Some people run into trouble trying to setup a standalone version of BLAST using the NCBI instructions. Here a stremalined process will be presented, targeted at Ubuntu.
I assume that you are aware of the paradigms of blast, meaning that there are several executables for searching nucleic acids or proteins and there are different databases you can blast against. Sinon, you should
read up on the
available search tools and
databases before you attempt to install Blast.
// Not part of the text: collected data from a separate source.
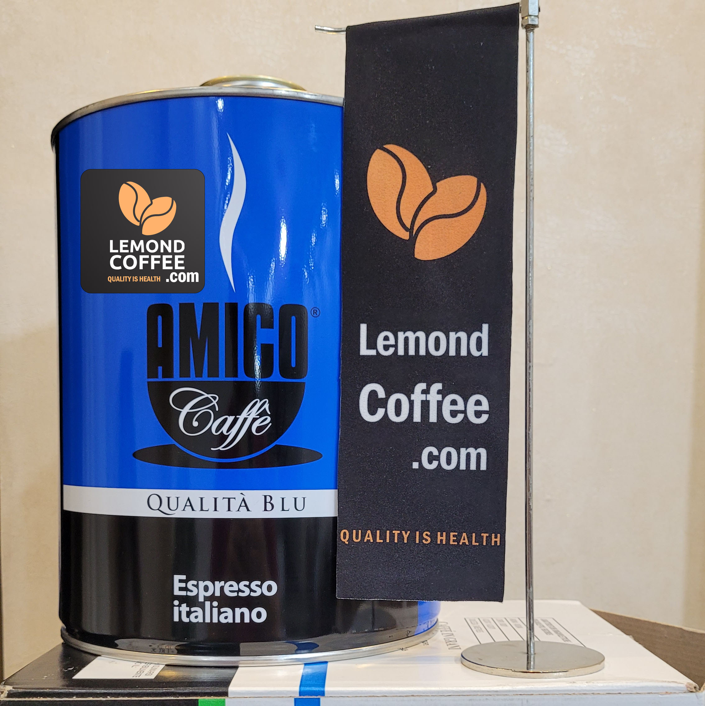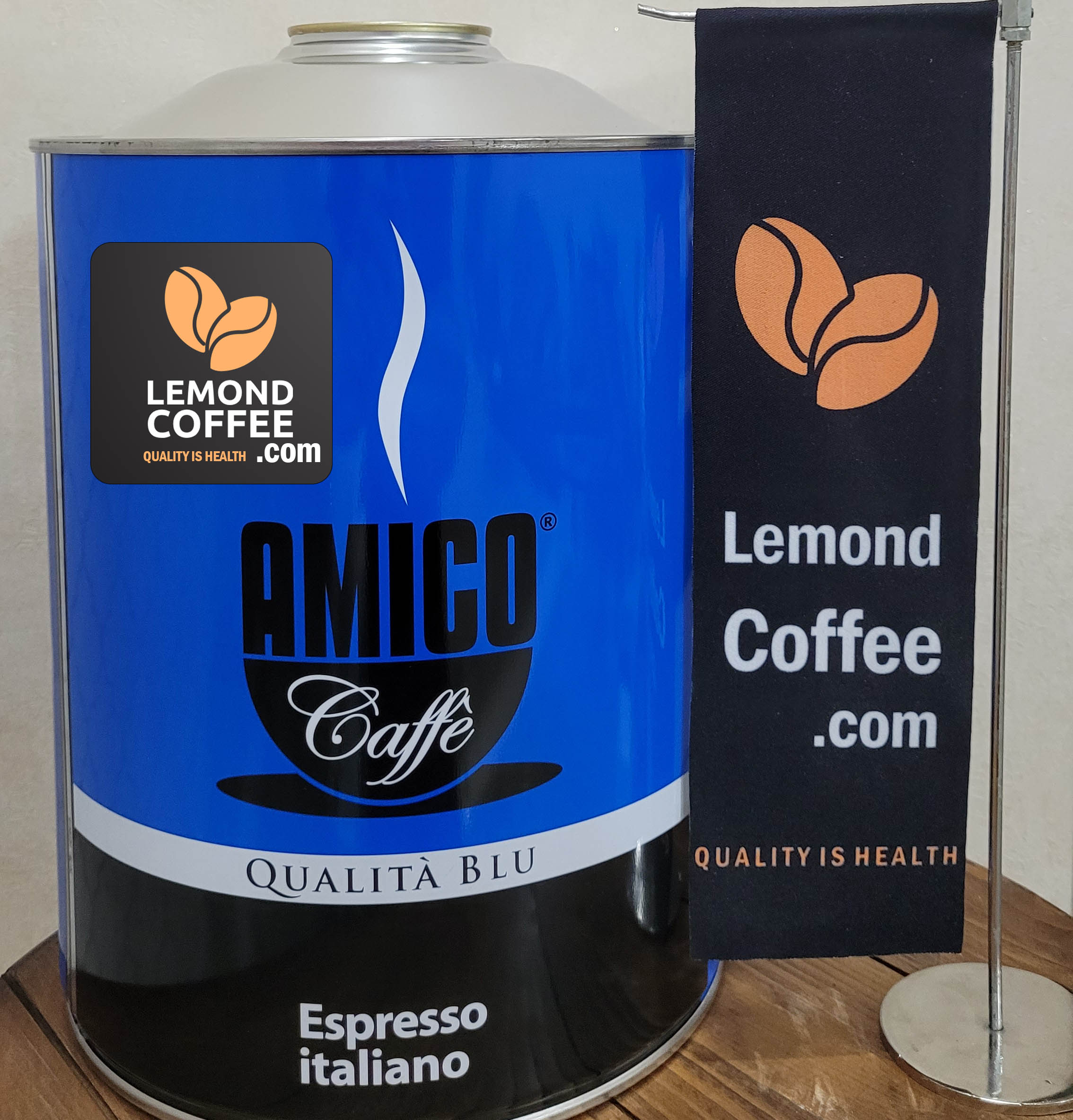 سیلندر قهوه آمیکو آبی محصولی از ایتالیا از بهترین دانه های قهوه ربوستا و عربیکا با طعمی شکلاتی و کافیین فوق العاده زیاد یک ترکیب قهوه برای ورزشکاران و دوستداران کافیین به شمار میرود. این قهوه با ترکیب 90% ربوستا و 10% عربیکا درست شده است که طعمی قوی و تلخ همراه با کرما عالی و بادی قوی و کامل پیشنهادی عالی برای طرفداران قهوه فول کافئین میباشد.
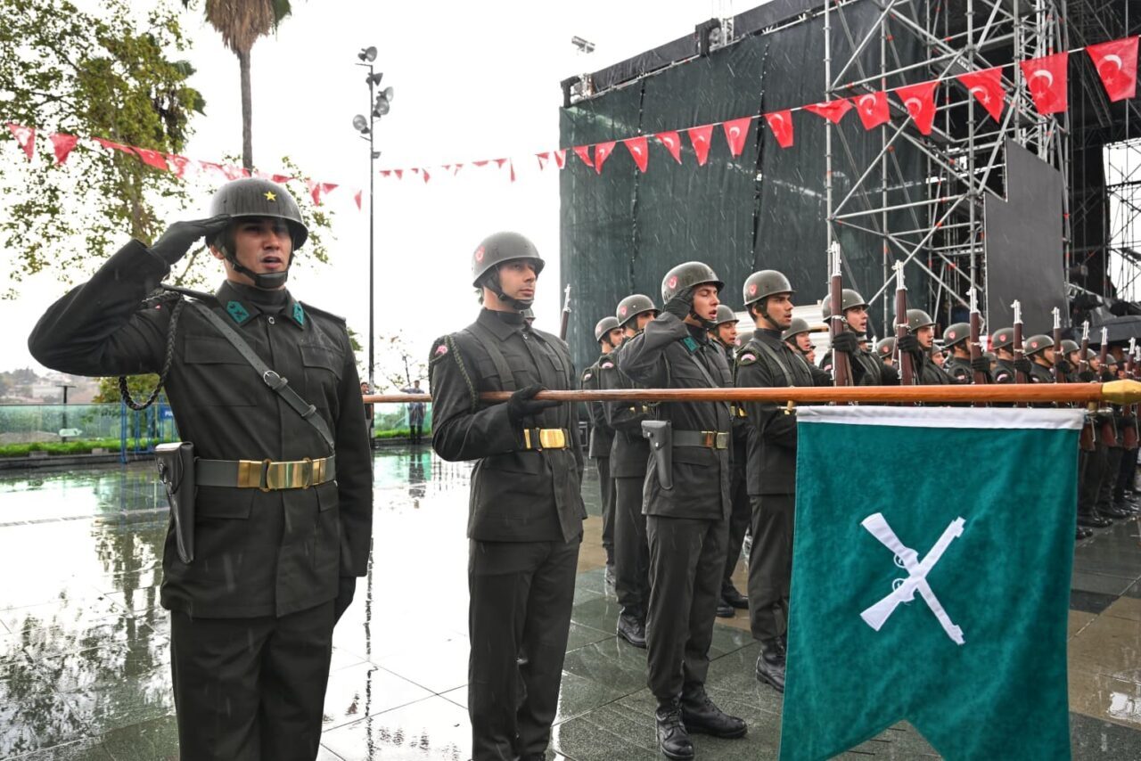 Antalya’da gerçekleşen 29 Ekim Cumhuriyet Bayramı kutlamaları, sağanak yağışa rağmen büyük bir coşkuyla yapıldı. Protokol üyeleri, öğrenciler ve vatandaşlar, Cumhuriyet Meydanı’nda yağmura aldırış etmeden yerlerini korudular. Tören boyunca şemsiye kullanmayan protokol üyeleri, ıslanmaktan çekinmeden etkinliğe katıldı.
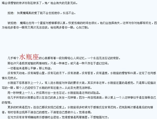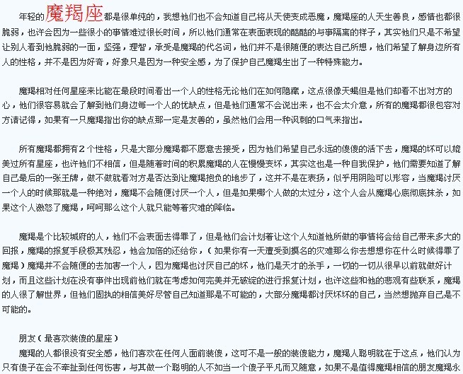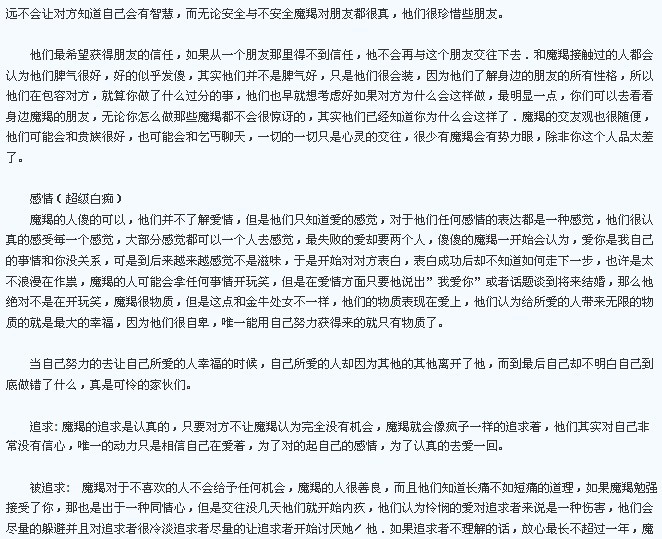 偶最亲密的一个哥们是摩羯,偶记得他对偶的一句评价是,偶是用偶的不认真在掩饰偶的认真,而偶对他的一句评价是,他是用他的认真在掩饰他的不认真。 摩羯男是很有领导力,很有团结力,脑子极好用,做事情能算尽每一步,如果摩羯男动坏脑子,他有这个脑力,恒心,持久度执行到底。他喜欢领导和掌控,但其实摩羯男心里并不是真在意这些东西,摩羯男只是需要这样的一个外在形象来达到对自己的认可。 摩羯男一旦爱一个人是痴心一生的,彻头彻尾的,但绝对不死缠烂打的。
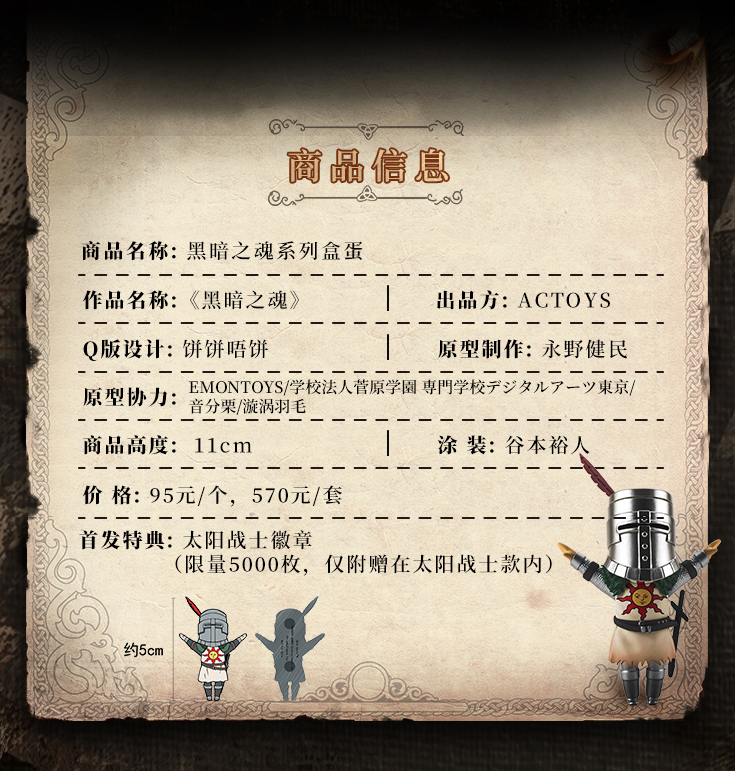 由万代南梦宫授权,ACTOYS设计的《黑暗之魂系列盒蛋》在我们的淘宝店上架了。一套6款盲盒,角色随机获得。大家可看看下方的实物图。
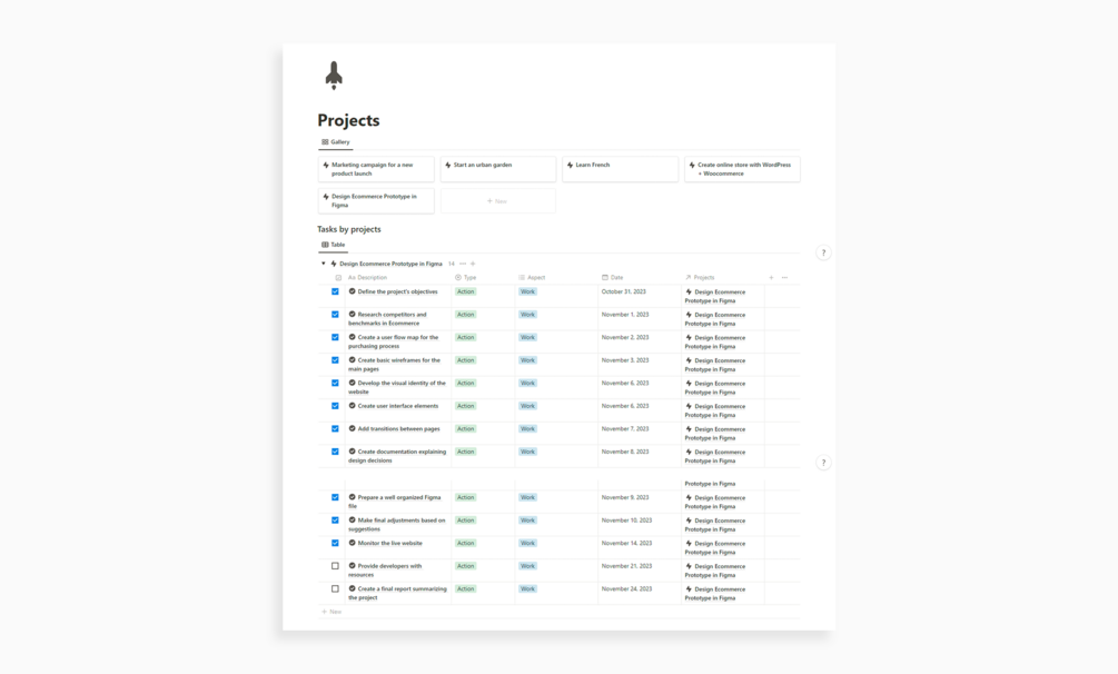 - Áreas de Enfoque: Clasifica tus proyectos según distintas áreas como Marketing, Entrenamiento, Manualidades, Cocina, Finanzas, etc.

NB, throughout this document, I am using protein blast and protein input – changing to nucleotide sequences is trivial as you just change blastp to blastn and ‘prot’ to ‘nt’ in obvious places (and of course you use different queries and target databases).
Without further ado, Blast setup for UNIX.
There are two components for the installation:
- Executables (bastn, blastp etc.)
- Databases. (nr, nt etc.)
Both are described below with follow-up examples of usage.
Ad.1 The executables can be downloaded and compiled from
here (download the source, run ./configure then make and finally make install in the directory of the untarred file). However a much easier way to do it under Ubuntu is:
sudo apt-get install ncbi-blast+
This automatically installs everything. In both cases to check if all went ok, type:
If you get a directory such as /usr/local/bin than all went well and that’s where your executables are.
Ad.2 FIrst, you need to decide on where to store the databases. Do this by setting the environment variable:
export BLASTDB=/path/to/blastdbs/of/your/chosing
Now, we can either use one of the ncbi-curated databases or create our own. We will do both.
A) Downloading and using an ncbi-curated database.
The databases can be downloaded using the
update_blastdb script. As an example I will download a non redundant protein database which is referred to as ‘nr’:
cd $BLASTDB
sudo update_blastdb --passive --timeout 300 --force --verbose nr
ls *.gz |xargs -n1 tar -xzvf
rm *.gz.*
The penultimate command extracts all the files you have downloaded and the last one removes the downloaded archives.
Now you should be able to use your new database by executing (where somesequence.fasta is your sample query):
blastp -db nr -query somesequence.fasta
Done.
B) Creating your own database.
Firstly, put a bunch of fasta protein sequences into a file called sample.fa
Next, execute the following
makeblastdb -in sample.fa -dbtype 'prot' -out NewDb
mv NewDB* $BLASTDB/
We have now created a blast protein database from your fasta file, called NewDB. The last line simply moves all the blast files to the database directory.
Now you should be able to use your new database by executing (where somesequence.fasta is your sample query):
blastp -db NewDb -query somesequence.fasta
Done.
Afterword
These instructions are the shortest way I could find to get a working stand-alone BLAST application. If you require more info, you can look here.
Hey,
I have small comment regarding this seqment:
A) Downloading and using an ncbi-curated database.
The databases can be downloaded using the update_blastdb script. As an example I will download a non redundant protein database which is referred to as ‘nr’:
cd $BLASTDB
sudo update_blastdb –passive –timeout 300 –force –verbose nr
Here you are not runing script that you mentioned above, but you are calling instaled program.
Secodly please remove sudo, because for loading stuff from ftp to local pc you do not need root access! If you want to run script that you dowloaded, you need to add execute privilege to “update_blastdb.pl” file with this command “chmod u+x update_blastdb.pl” and run it with command:
./update_blastdb.pl –passive –timeout 300 –force –verbose nr
Also one one more question. Is it possible to run blast with just nr.00 and nr.01 and not having whole database dowloaded? I tried tu run it, but I got error that he is missing nr.02. Is there a way to tell him that my database is just two nr arhives long?
Thanks for sharing this blog and hoping to get reply soon.
We’ve been using sequenceserver for local blasting – very happy with it.